Excerpts from a dataset:
▬▬▬▬▬▬▬▬▬▬

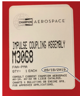
MANUFACTURED DATE LOCATED ON IMPULSE COUPLING REPLACEMENT KIT

THIS DOCUMENT SUBJECT TO THE CONTROLS AND RESTRICTIONS ON THE FIRST PAGE
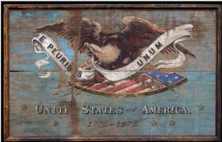
Centennial Eagle & Shield
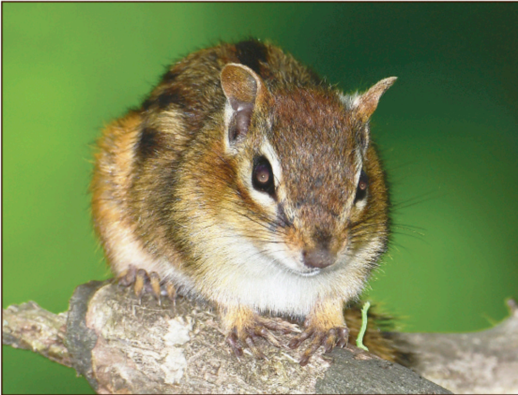
WHAT HAVE WE HERE? After crawling along a branch, an inchworm caterpillar stands up and appears to engage in a stare-down with a chipmunk in Canatara Park last week. Bad move. The caterpillar moments later became a quick snack.
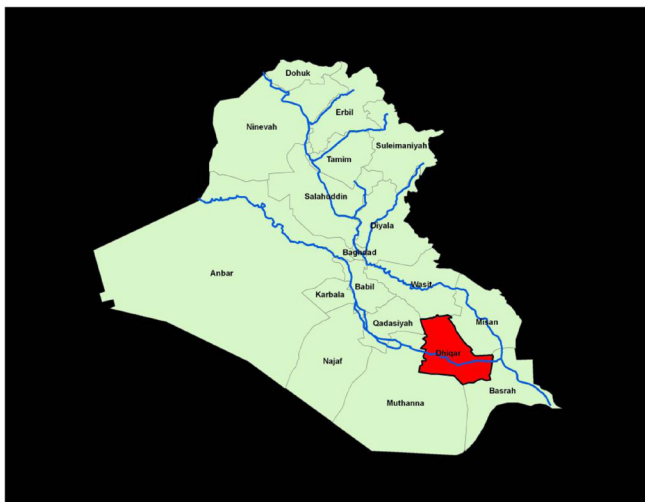
Figure 1.1. Dhi Qar province in Iraq. All maps arranged by Elizabeth Stone

Eventually we managed to have a paragraph included in the constitution. Paragraph Number 113 stated: "The antiquities are the heritage and wealth of the Iraqi people and they should be
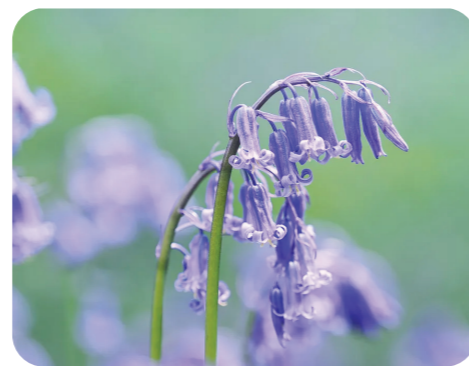
Hyacinthoides non-scripta (Flowering mid April - May)
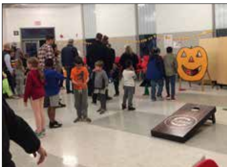
Students playing games in Abingdon's cafeteria at the Fall Festival.

This year's Fall Festival, which is organized by the Parent-Teacher Association (PTA), was a success. In the gym, there was Halloween-themed music playing for students
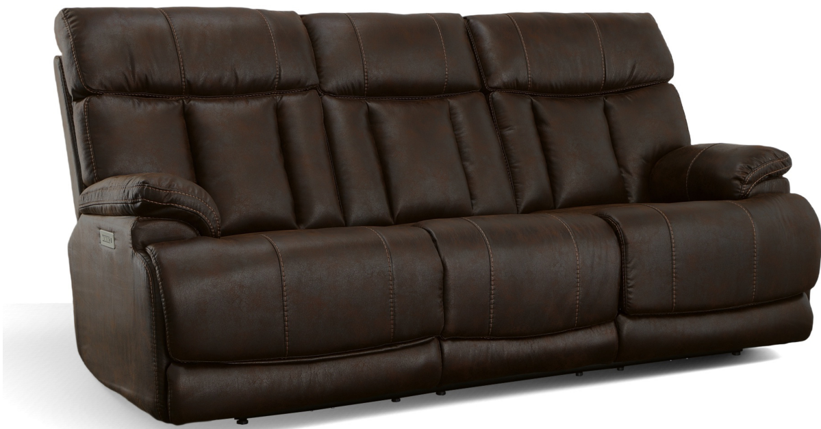
1594-62PH in Fabric 374-70
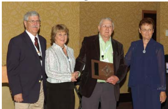
Kansas Natural Resource Foundation
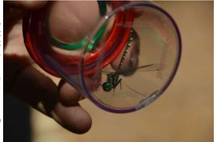
The green eyes and orange yellow colouring of the Australian Emerald Dragonfly ( Hemicordulia australiae ) is beautiful to behold.

The dragonflies this year have been especially showy, some even following us almost like they're showing off their colours.
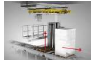
Conveying Goods to Shipping
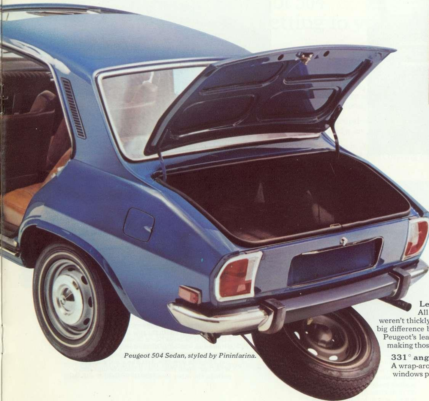
Peugeot 504 Sedan, styled by Pininfarina.
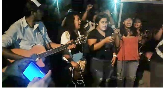
Outside on the 2 nd night, when the hearing went until 3 a.m.

Finally, on the fourth day, which was a Sunday that stretched into the wee hours of Monday, the hearings concluded. The judge called up a series of witnesses, mostly for the prosecution, to the stand. A large man accused the more diminutive defendants of beating him up, but no evidence is provided. The head of the private security detail for the mining company accuses the defendants of attacking him, burning his vehicle, stealing from him but, again, no supporting evidence is provided. Upon cross examination by the defendants' attorneys, it is revealed that violence did take place on that day (September 7 th , 2018), but this same witness named one of his security guards as the one who shot and wounded one of the protesters. Upon the charge of illegal deprivation of freedom, it was shown that community members did detain this witness, under suspicion of having shot a protestor, and turned him over to the police within a matter of hours, a procedure that is fully within the law. The strange thing was, that very same day, he filed a police complaint against those persons, who later became defendants in these hearings, and was able to provide their complete names, even though he barely knew them. A police forensics investigator, supposedly with 11 years' experience, was unable to provide a positive match of the license plate number with that of vehicle purported to having been burned, nor could he provide a vehicle identification number.
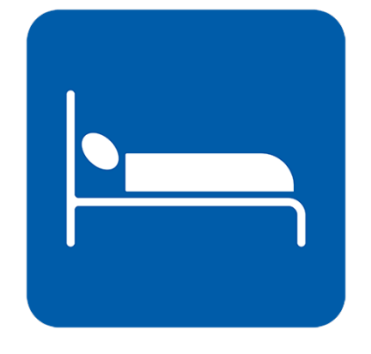
Sleep alone, if possible
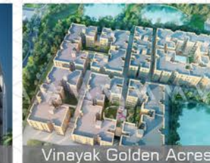
Vinayak Golden Acres Konnagar, Hooghly
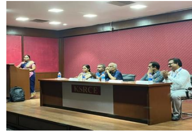
SEMINAR ON FUTURE TRENDS IN CYBER SECURITY ON 18-10-2024

The Workshop on UI/UX Design Using Figma provided participants with a strong foundation in user interface and user experience design principles, along with hands-on experience using Figma, a leading collaborative design tool..
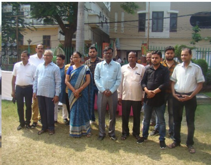
Participants during the exposure visit

also taken to a Bio Gas Digester Plant which is an innovative model of the state government for generating gas through treatment of animal shelter waste along with liquid waste at Kanha Upvan, Lucknow.

▬▬▬▬▬▬▬▬▬▬

**Task to carry out**
Beginning with the line above that contains "The dragonflies this" and finishing with the line that contains "Outside on the", print those lines exactly and only. Skip all pictures.

**Answer for this exercise**
The dragonflies this year have been especially showy, some even following us almost like they're showing off their colours.
Conveying Goods to Shipping
Peugeot 504 Sedan, styled by Pininfarina.
Outside on the 2 nd night, when the hearing went until 3 a.m.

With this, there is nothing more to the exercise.